[Task brief] Without changing a thing, reproduce the entire listing and leave out its pictures.

[The data]
>>>>

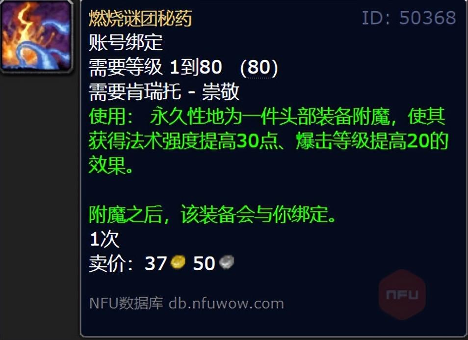 其次是法系职业需要刷的肯瑞托阵营声望,燃烧谜团秘药是法系职业的头部毕业附魔,另外还有裁缝职业的天蓝魔线也是法系职业的腿部毕业附魔。
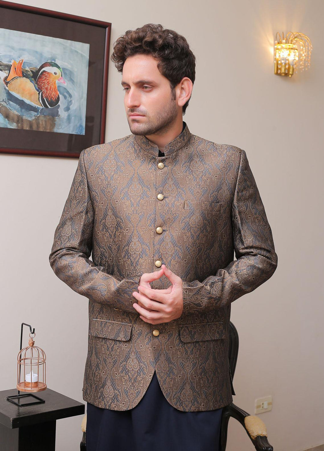 Real Image Cotton Silk Formal Prince Coat for Men - OPC - 012 Brown Gold
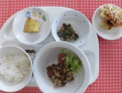 台風が近付いてきましたね。風も強いですね。給食は、初メニューの豚の胡麻焼きでした。豚肉を醬油などで漬け込み、胡麻を入れて焼き上げました!おやつは、お好み焼きでした。

<<<<

[Response for this exercise]
 其次是法系职业需要刷的肯瑞托阵营声望,燃烧谜团秘药是法系职业的头部毕业附魔,另外还有裁缝职业的天蓝魔线也是法系职业的腿部毕业附魔。
 Real Image Cotton Silk Formal Prince Coat for Men - OPC - 012 Brown Gold
 台風が近付いてきましたね。風も強いですね。給食は、初メニューの豚の胡麻焼きでした。豚肉を醬油などで漬け込み、胡麻を入れて焼き上げました!おやつは、お好み焼きでした。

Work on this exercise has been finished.